Exercise data
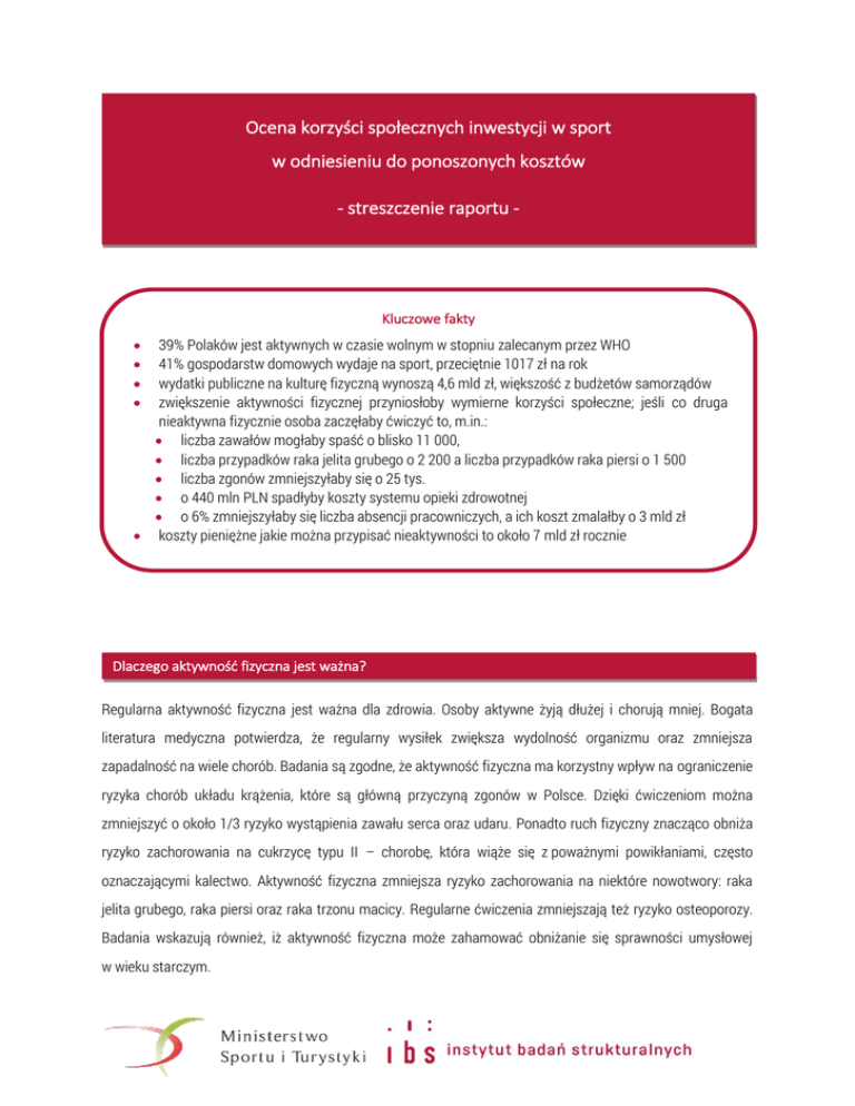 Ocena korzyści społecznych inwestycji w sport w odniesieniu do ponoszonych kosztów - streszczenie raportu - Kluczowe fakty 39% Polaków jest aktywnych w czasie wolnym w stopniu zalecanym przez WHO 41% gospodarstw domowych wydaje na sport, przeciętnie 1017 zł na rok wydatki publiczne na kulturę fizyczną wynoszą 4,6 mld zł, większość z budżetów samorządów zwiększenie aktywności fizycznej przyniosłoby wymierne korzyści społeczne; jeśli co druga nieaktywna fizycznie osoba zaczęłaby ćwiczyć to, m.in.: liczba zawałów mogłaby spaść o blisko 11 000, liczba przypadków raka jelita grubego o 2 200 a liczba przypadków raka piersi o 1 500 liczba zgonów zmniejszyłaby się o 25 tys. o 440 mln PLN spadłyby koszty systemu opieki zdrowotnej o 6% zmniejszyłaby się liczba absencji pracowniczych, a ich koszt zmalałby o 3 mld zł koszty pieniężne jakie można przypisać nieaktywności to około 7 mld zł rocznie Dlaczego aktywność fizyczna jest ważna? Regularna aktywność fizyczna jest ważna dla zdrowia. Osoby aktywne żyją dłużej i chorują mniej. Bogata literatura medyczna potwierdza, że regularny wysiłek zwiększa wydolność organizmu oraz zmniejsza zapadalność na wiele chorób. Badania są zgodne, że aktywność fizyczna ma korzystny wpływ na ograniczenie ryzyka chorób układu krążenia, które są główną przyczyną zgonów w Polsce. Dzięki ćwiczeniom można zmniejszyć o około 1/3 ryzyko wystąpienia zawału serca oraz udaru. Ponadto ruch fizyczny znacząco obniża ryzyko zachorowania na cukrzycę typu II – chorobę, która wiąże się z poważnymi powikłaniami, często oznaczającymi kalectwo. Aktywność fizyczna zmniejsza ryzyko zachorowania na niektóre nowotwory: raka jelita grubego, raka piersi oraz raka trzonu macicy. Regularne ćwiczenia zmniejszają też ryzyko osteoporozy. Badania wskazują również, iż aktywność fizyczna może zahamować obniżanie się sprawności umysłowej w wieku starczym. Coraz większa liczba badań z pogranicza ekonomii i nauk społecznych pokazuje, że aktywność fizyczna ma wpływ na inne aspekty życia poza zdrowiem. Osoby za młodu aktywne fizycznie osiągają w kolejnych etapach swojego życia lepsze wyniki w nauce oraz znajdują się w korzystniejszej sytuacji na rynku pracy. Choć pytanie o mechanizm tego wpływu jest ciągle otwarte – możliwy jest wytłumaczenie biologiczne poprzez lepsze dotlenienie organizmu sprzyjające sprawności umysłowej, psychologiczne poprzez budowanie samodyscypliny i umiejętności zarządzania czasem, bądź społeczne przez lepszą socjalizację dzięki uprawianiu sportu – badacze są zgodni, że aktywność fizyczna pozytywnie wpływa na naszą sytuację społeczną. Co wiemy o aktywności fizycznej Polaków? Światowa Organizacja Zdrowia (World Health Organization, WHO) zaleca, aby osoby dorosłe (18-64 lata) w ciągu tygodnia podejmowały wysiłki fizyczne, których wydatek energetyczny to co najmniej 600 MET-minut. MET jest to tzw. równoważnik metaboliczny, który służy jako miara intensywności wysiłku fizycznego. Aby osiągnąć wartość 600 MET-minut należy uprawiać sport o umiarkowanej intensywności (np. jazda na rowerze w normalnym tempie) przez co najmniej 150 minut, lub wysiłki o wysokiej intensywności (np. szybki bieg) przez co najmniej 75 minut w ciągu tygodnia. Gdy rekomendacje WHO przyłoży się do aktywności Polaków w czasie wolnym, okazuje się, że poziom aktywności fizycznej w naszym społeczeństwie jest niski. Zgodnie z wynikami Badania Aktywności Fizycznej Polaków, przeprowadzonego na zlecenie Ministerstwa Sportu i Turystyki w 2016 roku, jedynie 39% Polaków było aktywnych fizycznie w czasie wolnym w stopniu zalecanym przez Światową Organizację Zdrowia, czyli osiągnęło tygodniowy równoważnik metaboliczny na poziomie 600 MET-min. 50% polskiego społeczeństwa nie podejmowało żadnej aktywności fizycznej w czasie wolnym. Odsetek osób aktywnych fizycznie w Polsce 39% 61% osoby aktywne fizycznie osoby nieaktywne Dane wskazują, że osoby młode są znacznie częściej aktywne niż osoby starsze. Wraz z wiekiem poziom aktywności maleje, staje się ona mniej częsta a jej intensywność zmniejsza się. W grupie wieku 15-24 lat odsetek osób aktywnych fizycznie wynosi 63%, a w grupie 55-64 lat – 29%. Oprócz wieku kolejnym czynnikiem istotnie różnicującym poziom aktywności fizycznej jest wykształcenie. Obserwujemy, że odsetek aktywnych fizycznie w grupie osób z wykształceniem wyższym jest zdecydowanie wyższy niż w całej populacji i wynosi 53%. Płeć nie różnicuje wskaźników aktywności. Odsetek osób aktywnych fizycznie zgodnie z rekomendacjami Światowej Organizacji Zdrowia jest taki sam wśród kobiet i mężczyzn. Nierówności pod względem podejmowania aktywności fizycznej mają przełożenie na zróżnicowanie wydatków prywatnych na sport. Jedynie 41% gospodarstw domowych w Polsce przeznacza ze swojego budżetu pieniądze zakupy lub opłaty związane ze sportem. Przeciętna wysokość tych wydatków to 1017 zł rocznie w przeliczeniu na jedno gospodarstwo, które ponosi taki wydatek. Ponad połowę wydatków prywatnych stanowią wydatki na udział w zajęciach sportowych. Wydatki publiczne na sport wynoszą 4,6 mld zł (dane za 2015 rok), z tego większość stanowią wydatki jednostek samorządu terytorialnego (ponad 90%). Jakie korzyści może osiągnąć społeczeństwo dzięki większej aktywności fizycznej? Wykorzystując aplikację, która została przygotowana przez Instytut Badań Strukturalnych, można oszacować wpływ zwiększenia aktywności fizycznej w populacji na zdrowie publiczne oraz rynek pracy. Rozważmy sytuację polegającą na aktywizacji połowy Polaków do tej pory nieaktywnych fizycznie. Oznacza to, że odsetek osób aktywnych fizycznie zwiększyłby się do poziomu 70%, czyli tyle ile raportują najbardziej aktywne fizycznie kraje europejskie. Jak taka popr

--

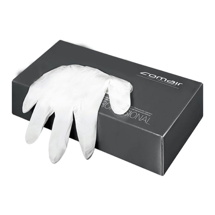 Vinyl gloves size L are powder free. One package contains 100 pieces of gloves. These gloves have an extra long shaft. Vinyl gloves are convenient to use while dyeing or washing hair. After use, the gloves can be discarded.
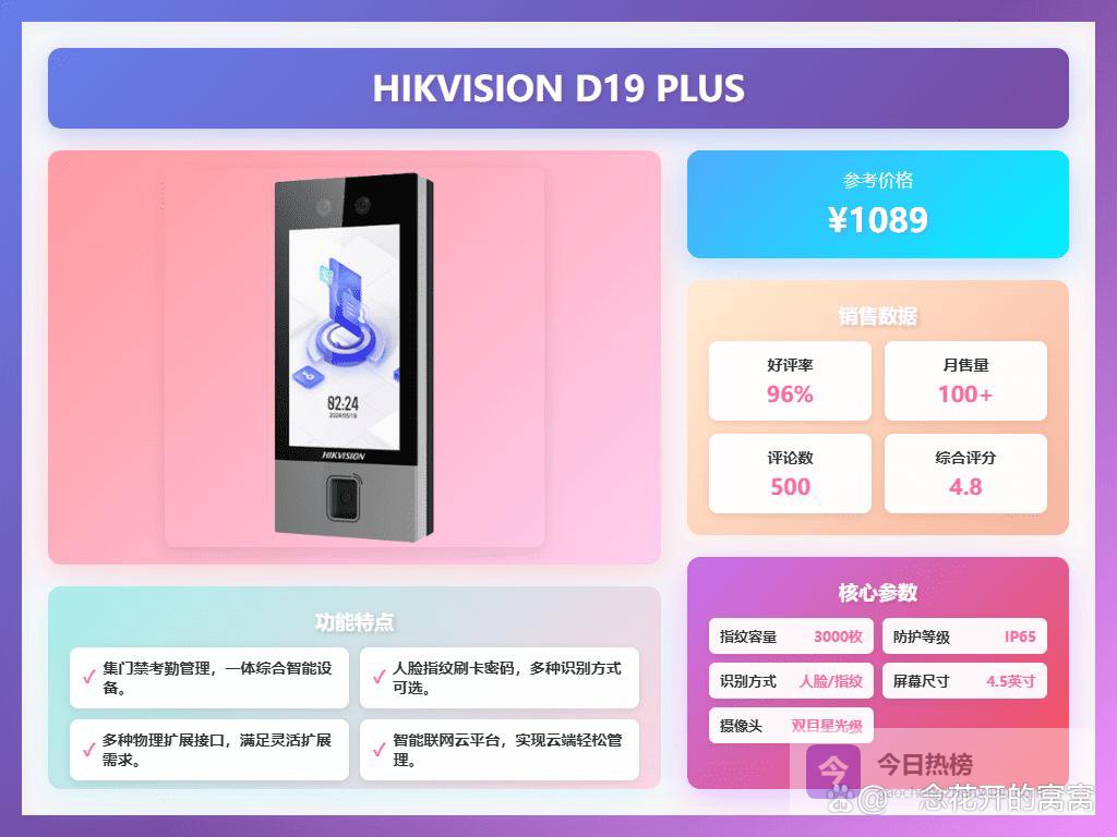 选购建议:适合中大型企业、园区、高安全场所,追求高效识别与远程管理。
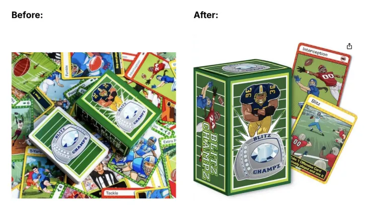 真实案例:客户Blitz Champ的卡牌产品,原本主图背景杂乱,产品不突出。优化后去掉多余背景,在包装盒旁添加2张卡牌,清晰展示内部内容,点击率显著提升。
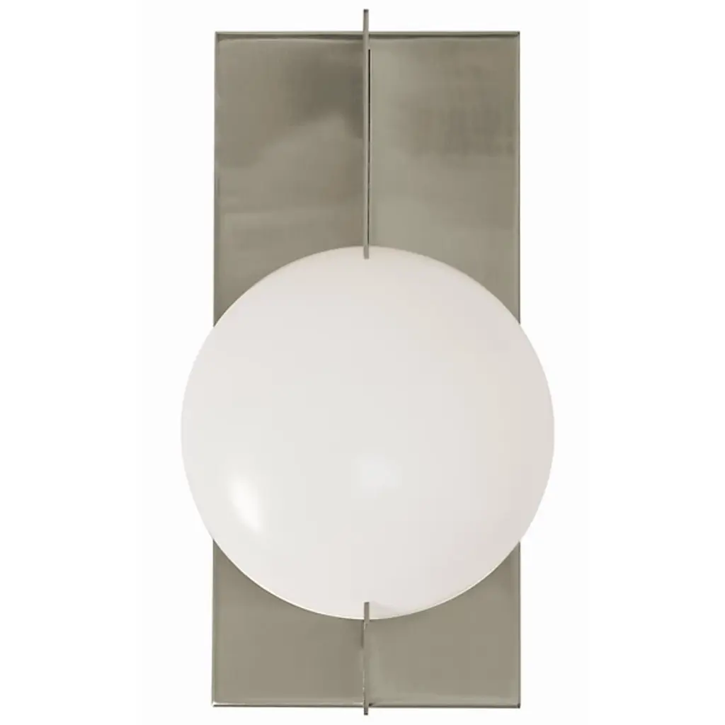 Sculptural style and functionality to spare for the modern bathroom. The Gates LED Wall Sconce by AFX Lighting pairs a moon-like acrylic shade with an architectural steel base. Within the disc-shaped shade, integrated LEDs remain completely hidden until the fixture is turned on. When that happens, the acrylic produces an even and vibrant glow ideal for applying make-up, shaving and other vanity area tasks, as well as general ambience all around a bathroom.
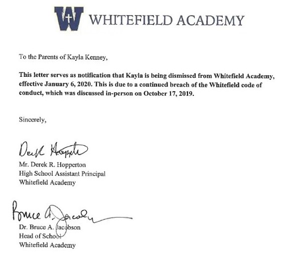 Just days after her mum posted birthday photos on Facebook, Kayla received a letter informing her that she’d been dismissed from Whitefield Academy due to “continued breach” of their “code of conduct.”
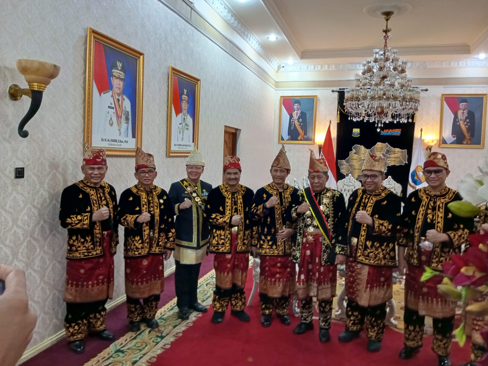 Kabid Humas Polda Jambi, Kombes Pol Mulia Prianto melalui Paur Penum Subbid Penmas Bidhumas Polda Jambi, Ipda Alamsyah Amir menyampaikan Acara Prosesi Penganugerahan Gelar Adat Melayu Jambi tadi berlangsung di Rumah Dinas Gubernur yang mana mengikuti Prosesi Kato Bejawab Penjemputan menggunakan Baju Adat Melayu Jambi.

...

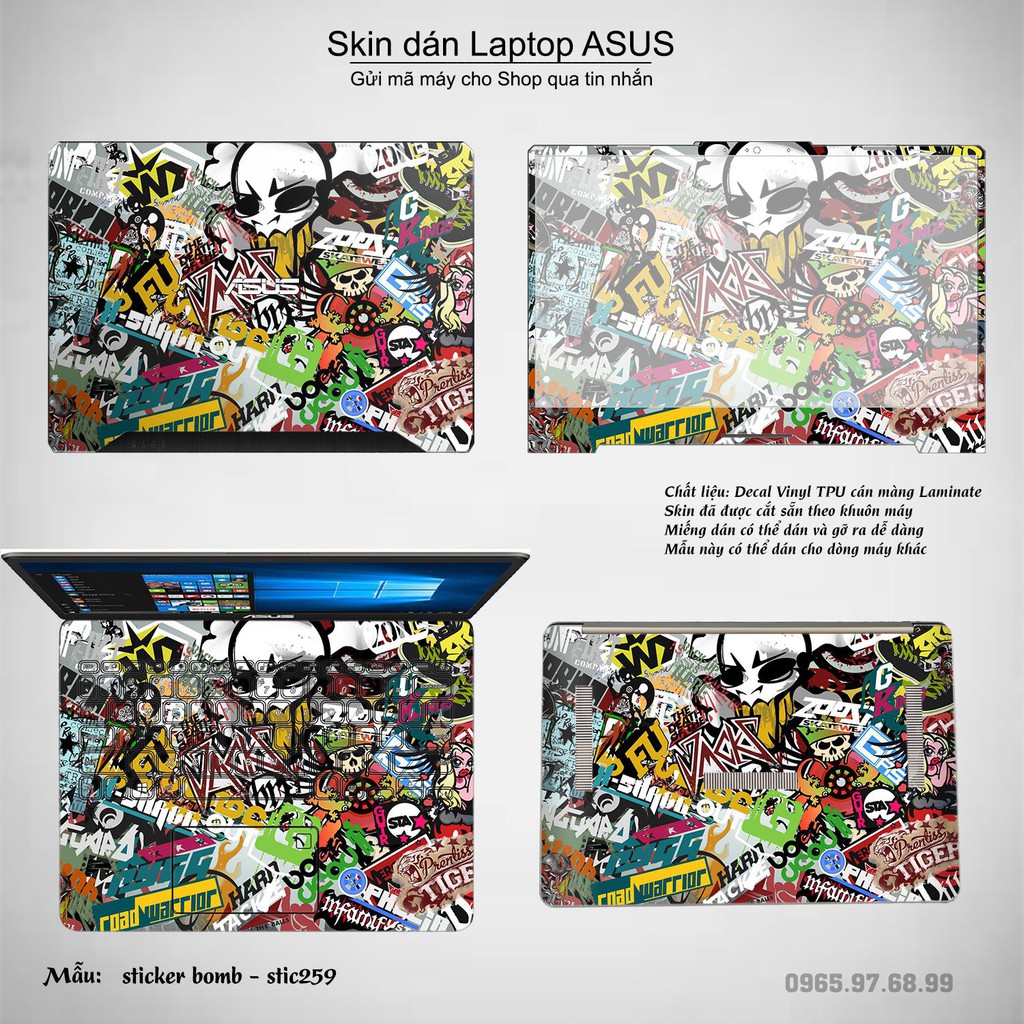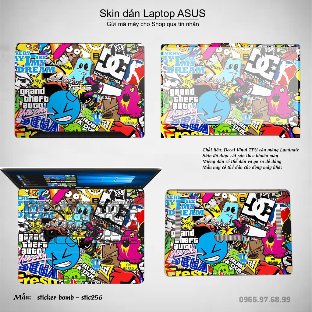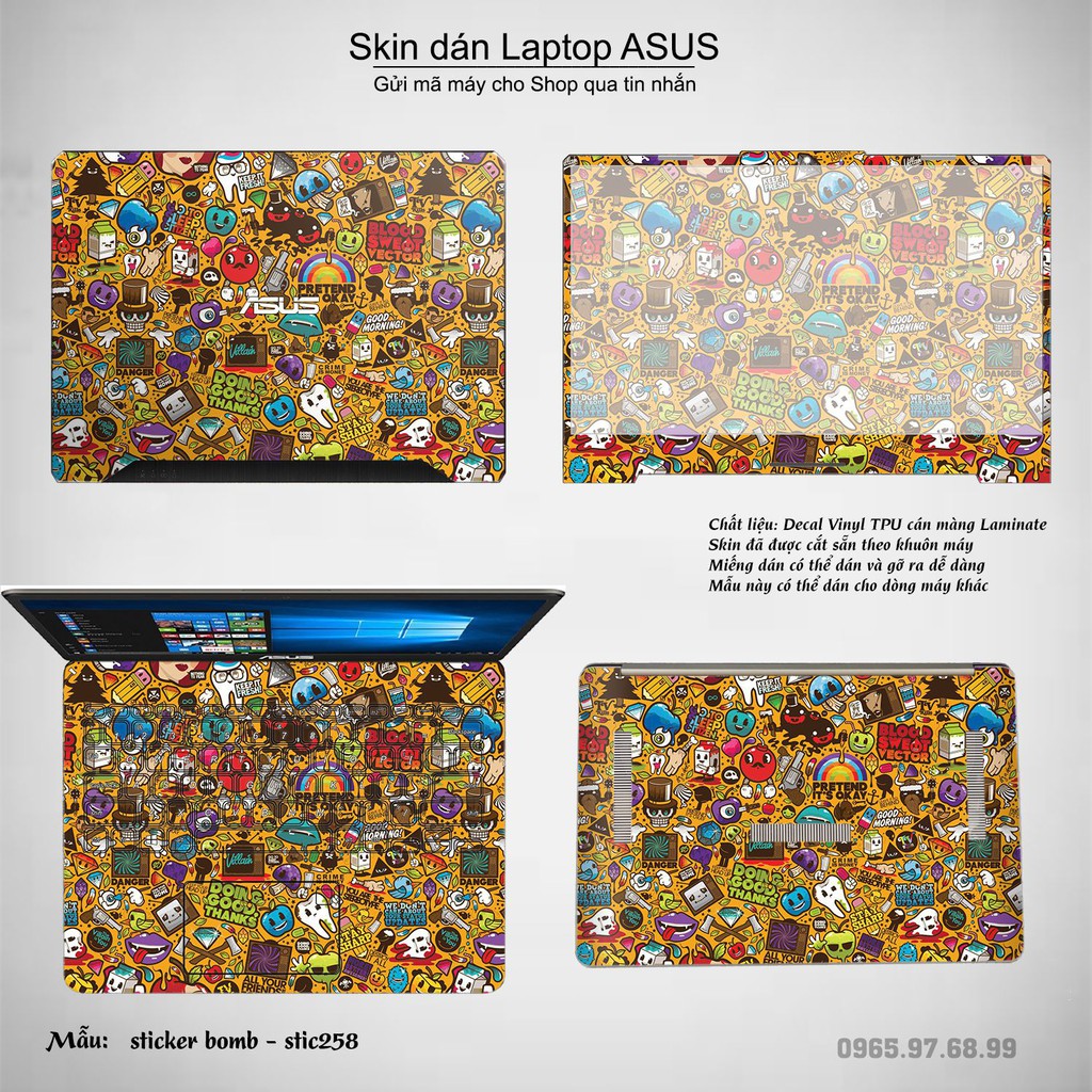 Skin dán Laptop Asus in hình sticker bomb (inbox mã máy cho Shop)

Problem requirements
Within the material above, only the stretch from the line holding "Vinyl gloves size" through the line holding "真实案例:客户Blitz C" is to be restated exactly. Pictures are dropped.

Written answer
 Vinyl gloves size L are powder free. One package contains 100 pieces of gloves. These gloves have an extra long shaft. Vinyl gloves are convenient to use while dyeing or washing hair. After use, the gloves can be discarded.
 选购建议:适合中大型企业、园区、高安全场所,追求高效识别与远程管理。
 真实案例:客户Blitz Champ的卡牌产品,原本主图背景杂乱,产品不突出。优化后去掉多余背景,在包装盒旁添加2张卡牌,清晰展示内部内容,点击率显著提升。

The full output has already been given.